Consistent with previous publications, we used an ex vivo model of inflammation where whole blood was stimulated with a canonical inflammatory stimulus such as LPS (100 ng/mL for 24 h) to induce an inflammatory response. Cytokines are the driving factors for inflammatory and immune response. Thus, we decided to evaluate the secretion of two of the major pro-inflammatory mediators, IL-6 and TNF-α, in the different experimental conditions used in this study. The ELISA test performed in the whole blood culture supernatant for IL-6 and TNF-α showed a significant increase in the secretion of these pro-inflammatory cytokines compared with the LPS-stimulated group, serving as our positive control group. As shown in Figure 1, when stimulation with LPS was performed in the presence of CBD (50 and 100 μg/mL) we observed a significant reduction in cytokines secretion. We observed a dose dependence effect of CBD; when compared to CBD 50 μg/mL, the dose of CBD 100 μg/mL produced a bigger inhibitory effect on IL-6 and TNF-α release in whole blood supernatant.
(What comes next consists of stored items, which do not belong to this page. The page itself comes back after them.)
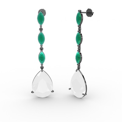Beyaz akrilik ve kök zümrüt 925 ayar siyah rodyum kaplama gümüş küpe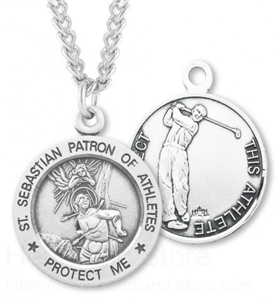 About this Round Men's St. Sebastian Golf Necklace With Chain + 24" 3mm Stainless Steel Endless Chain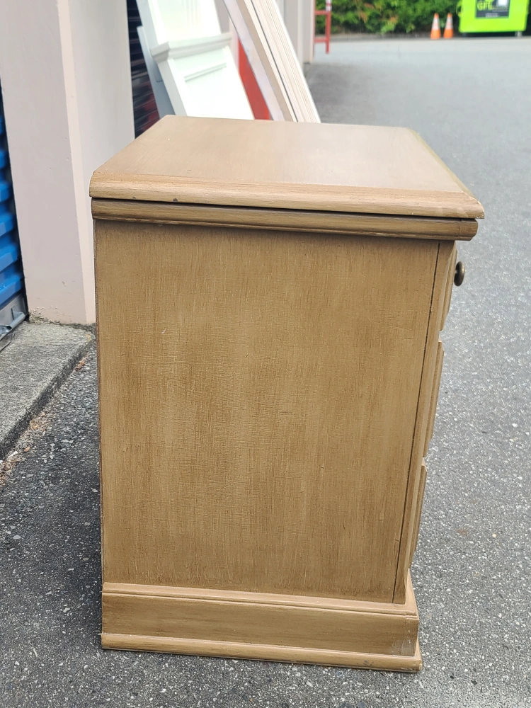 Here's a wooden nightstand with three drawers. It has a neutral colour and classic design. It's perfect for adding some extra storage to your bedroom. Delivery can be arranged. viewing and pickup by appointment.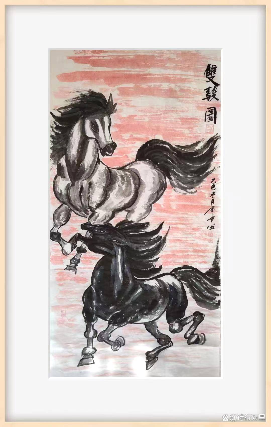 悲鸿遗韵襟怀阔,今笔抒怀气脉绵。

3.2. Effect of CBD on IL-10 in LPS Stimulated Whole Blood

Next, we evaluated the trend of IL-10 as a major anti-inflammatory cytokine. Furthermore, IL-10 plays a key role in the function regulation of several immune cells. Consistent with previous studies, the whole blood stimulation with LPS induced an increase in the levels of IL-10 compared to the control [15,22]. Interestingly, we found that CBD did not alter the levels of IL-10 (Figure 2); instead, we observed a slight trend in IL-10 levels after the treatment with CBD in a dose-dependent manner. As shown in Figure 2, we evaluated the TNF-α to IL-10 ratio to highlight a shift in inflammatory phenotype [22]. Our results show a significant increase in the TNF-α to IL-10 ratio induced by LPS, while the CBD produces a significant decrease in the TNF-α to IL-10 ratio in a dose-dependent manner.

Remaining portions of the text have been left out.